This pipeline was adapted from the one presented by Xu Cai et al. in their paper 'Transposable element insertion: a hidden major source of domesticated phenotypic variation in Brassica rapa'. Most of the scripts were used without major alterations but the ones that were modified are indicated as such with comments in the script.
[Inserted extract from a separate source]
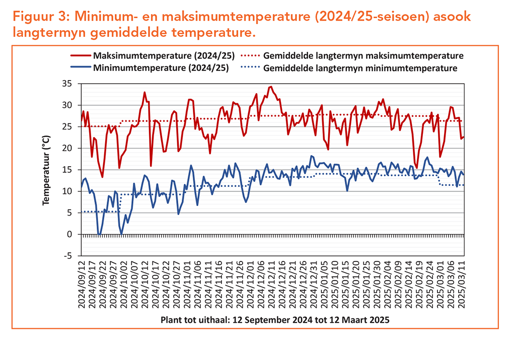 Minimum- en maksimumtemperature word in Figuur 3 uiteengesit. Die betrokke seisoen het besonder groot wisselinge in maksimumtemperature ervaar, veral tydens die eerste drie maande van die groeitydperk.

Their GitHub page can be accessed at https://github.com/caixu0518/ITIPs
Reference: Xu Cai, Runmao Lin, Jianli Liang, Graham J. King, Jian Wu, Xiaowu Wang. (2022). Transposable element insertion: a hidden major source of domesticated phenotypic variation in Brassica rapa. Plant Biotechnology Journal. https://doi.org/10.1111/pbi.13807
The files used and created by this pipeline can be found at /nobackup/cooper_research/krittikak/TIP_pipeline/smartie-sv
This step involved running the smartie-sv pipeline. The input were 11 sorghum genomes from the NAM panel being compared against a single reference BTx623 genome. The output were BED files that also contained the insertion/deletion segments (with respect to the reference BTx623). Unlike in the paper being referred to, only a single reference genome was used to run this pipeline.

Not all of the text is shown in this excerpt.